Hoy Fernández quiere aprovechar la red institucional que se involucra en la promoción científica. Su equipo es financiado por el Conicet, el Ministerio de Ciencia y Tecnología, la Sociedad Max Planck y la Fundación Alexander von Humboldt. Por eso gestiona con el gobierno provincial, la UNR y el instituto alemán un convenio para generar aquí una escuela de científicos prestigiada por la calidad del centro científico europeo. "Estoy seguro de que si seguimos así, en treinta años Santa Fe tendrá un premio Nobel", se entusiasma.

La clave de todo.

Claudio Fernández asume que hay colegas que volvieron, pero que muchos siguen en el exterior y que no quieren volver. Entonces ¿por qué él sí quiso? "Creo que la diferencia está en el origen", dice y desenrolla una historia que bien puede argumentar una novela.

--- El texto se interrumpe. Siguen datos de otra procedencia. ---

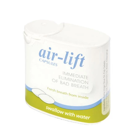 Air-Lift kapsule vsebujejo svetovno patentirano formulo, ki odstrani smrdljive hlapne žveplove komponente (VSC) iz želodca na naraven način. Air-lift kapsule proti zadahu so izjemno učinkovite pri zadahu iz želodca, ki ga povzročajo hrana, tobak, alkohol, diete in ostalo.

"Yo nací a diez cuadras del Parque Indoamericano, en Villa Soldati. Mi viejo era fletero, mi mamá era ama de casa, había hecho un curso de corte y confección pero con la frustración de no haber podido seguir estudiando. En Soldati, o la pegás con el fútbol o te quedás ahí nomás. Pero ella fue mi impulsora. A los seis años me mandó a estudiar inglés, me hacía jugar con mezclar soluciones, me compraba el Anteojito para que leyera. Y me fue encauzando. En casa no había un cobre: si nadie llamaba pidiendo un flete, agarrate Catalina. Y sin embargo mi viejo decidió que yo iba a estudiar. Me acuerdo le dije: 'Vieja, mirá que cuando en la secundaria el profe explica algo y yo la agarro, cuando tengo dos ideas hay compañeros que tienen quince'. Ella me dijo: 'No importa, Claudio. El tipo más inteligente no es el que tiene más ideas, sino el que le saca el jugo a las poquitas que tiene. Cuando tengas una, morí con esa, no tengas veinte y quedes en nada". Ella me inyectó la idea de la perseverancia".

El lunes pasado, la presidenta se despidió de Rosario con un llamado a "trabajar para que muchos ivanes e irinas sigan volviendo". Estaba pensando en los hijos de Claudio y de Laura.